Desconfinados e desmascarados

Crónica de Anselmo Borges 
no Diário de Notícias

Claro que precisamos da devida “distância social” e do confinamento apropriado e, evidentemente, também e sobretudo, da máscara. Para preservarmos a saúde, a nossa e a dos outros. Podemos contagiar-nos uns aos outros e somos responsáveis uns pelos outros. Quem é cristão tem uma razão suplementar para isso: segundo os Evangelhos, um dos interesses e preocupações maiores de Jesus foi a saúde das pessoas. Por isso, não entendo aquele debate à volta da comunhão na mão ou na boca, havendo quem invoque razões para a comunhão na boca. Sempre fui contra a comunhão na boca, pois só damos de comer na boca às crianças. Agora, ainda mais se impõe a comunhão na mão, por causa da preservação da saúde. Ah!, e para quem continua a propugnar a comunhão na boca: não é verdade que provavelmente há línguas mais sujas do que as mãos? 
Mas não foi este tema que me motivou hoje. A questão é mais funda. O que provoca a minha reflexão de hoje são outros confinamentos e outras máscaras, ficando a crónica de hoje para os desconfinamentos e a da próxima semana para os desmascaramentos. Desconfinados e desmascarados. 

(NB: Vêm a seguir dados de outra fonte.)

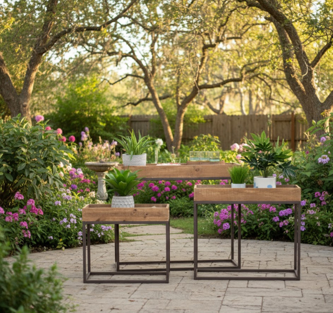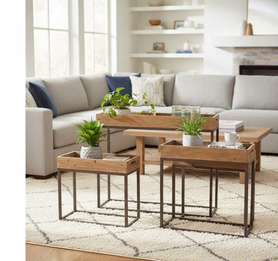 This set of three rustic recycled wood console trays on metal bases combines sustainability and functionality with timeless charm. Each tray features a reclaimed wood surface with a stained finish, supported by a sturdy gray metal base. Use them individually as accent tables or tiered together to create a layered display. Perfect for entryways, living rooms, or retail styling, these handcrafted pieces bring rustic sophistication to any space.

1. Como a gente se sente mal no confinamento! Mas, ao contrário do que pensamos, andamos e somos demasiado confinados, no sentido de auto-centrados, e, por isso, pobres, se não paupérrimos. Afinal, na contradição de nós. Vejamos. 
Uma vez, uma antiga aluna pediu-me para ir à escola onde agora lecciona, para fazer uma palestra sobre o umbigo, esperando ela que fosse falar sobre o egoísmo, o individualismo. Cheguei lá e fui mostrando aos jovens que é verdade que essa expressão de “voltado, voltada para o seu umbigo” é vulgarmente usada com esse sentido. Mas em contradição com o próprio umbigo. De facto, o umbigo é em nós a marca biológica de que não vimos de nós, vimos de uma relação, não somos a nossa origem. 
Outra vez, uma outra estudante queria uma nota melhor. Para isso, até escreveu um trabalho sobre ética. Na defesa, perguntei-lhe: “Se houvesse uma única pessoa no mundo, como seria um tratado de ética?”. E ela: “Nem sequer se punha a questão ética, porque essa ‘pessoa’ não sabia que era ser humano.” E teve a boa nota que queria.